Scientific classification
- Kingdom: Plantae
- Clade: Tracheophytes
- Clade: Angiosperms
- Clade: Eudicots
- Clade: Asterids
- Order: Asterales
- Family: Asteraceae
- Genus: Coronidium
- Species: C. lanuginosum
- Binomial name: Coronidium lanuginosum (A.Cunn. ex DC.) Paul G. Wilson
- Synonyms: Gnaphalium stipitatum Sch.Bip.; Helichrysum albicans var. lanuginosum (A.Cunn. ex DC.) Domin; Helichrysum boormanii Maiden & Betche p.p.; Helichrysum boormanii var. gillivrayi Domin; Helichrysum boormanii var. tryonii Domin; Helichrysum elatum var. fraseri Benth. p.p.; Helichrysum lanuginosum A.Cunn. ex DC.;

= Coronidium lanuginosum =

- Genus: Coronidium
- Species: lanuginosum
- Authority: (A.Cunn. ex DC.) Paul G. Wilson
- Conservation status: LC
- Synonyms: Gnaphalium stipitatum Sch.Bip., Helichrysum albicans var. lanuginosum (A.Cunn. ex DC.) Domin, Helichrysum boormanii Maiden & Betche p.p., Helichrysum boormanii var. gillivrayi Domin, Helichrysum boormanii var. tryonii Domin, Helichrysum elatum var. fraseri Benth. p.p., Helichrysum lanuginosum A.Cunn. ex DC.

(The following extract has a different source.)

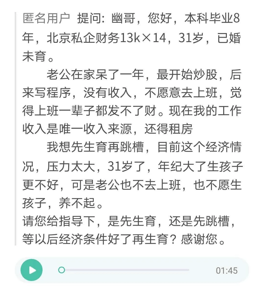 你看下圖這位女讀者的提問。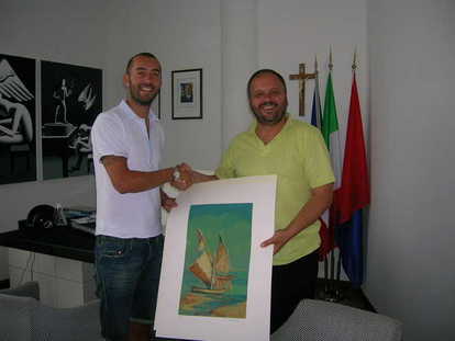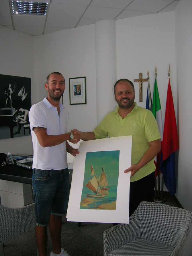 Al termine di un colloquio cordiale e simpatico sugli aspetti tecnici e meno tecnici del mondo del calcio Bucchi ha ricevuto dal sindaco Gaspari una maglietta disegnata da Ugo Nespolo e la litografia di Edoardo Vecchiola "Le vele".

Species of flowering plant

Coronidium lanuginosum is a species of flowering plant in the family Asteraceae and is endemic to Queensland, Australia. It is a perennial herb with elliptic or egg-shaped leaves, heads of white and yellow flowers and cypselas with thread-like pappus bristles.

==Description==
Coronidium lanuginosum is a perennial herb that typically grows to a height of up to 1.5 m and has branches covered with woolly or glandular hairs. The leaves are elliptic to egg-shaped with the narrower end towards the base, up to 100 mm long and sessile or narrowly wedge-shaped at the base. The upper surface of the leaves is glabrous or with glandular hairs, and the lower surface is glabrous to densely covered with glandular or woolly hairs. The heads are hemispherical, 30 mm in diameter and arranged singly with white involucral bracts, the lower bracts loosely arranged and grading into linear. The cypselas are brown, about 1.3 mm long and the pappus has thread-like bristles joined at the base.

==Taxonomy==
This species was first formally described in 1838 by Augustin Pyramus de Candolle who gave it the name Helichrysum lanuginosum in his Prodromus Systematis Naturalis Regni Vegetabilis, from an unpublished description by Allan Cunningham of specimens he collected on the shores of Rodds Bay in 1819. In 2008, Paul Graham Wilson transferred the species to Coronidium as C. lanuginosum. The specific epithet (lanuginosum) means 'abounding in wool'.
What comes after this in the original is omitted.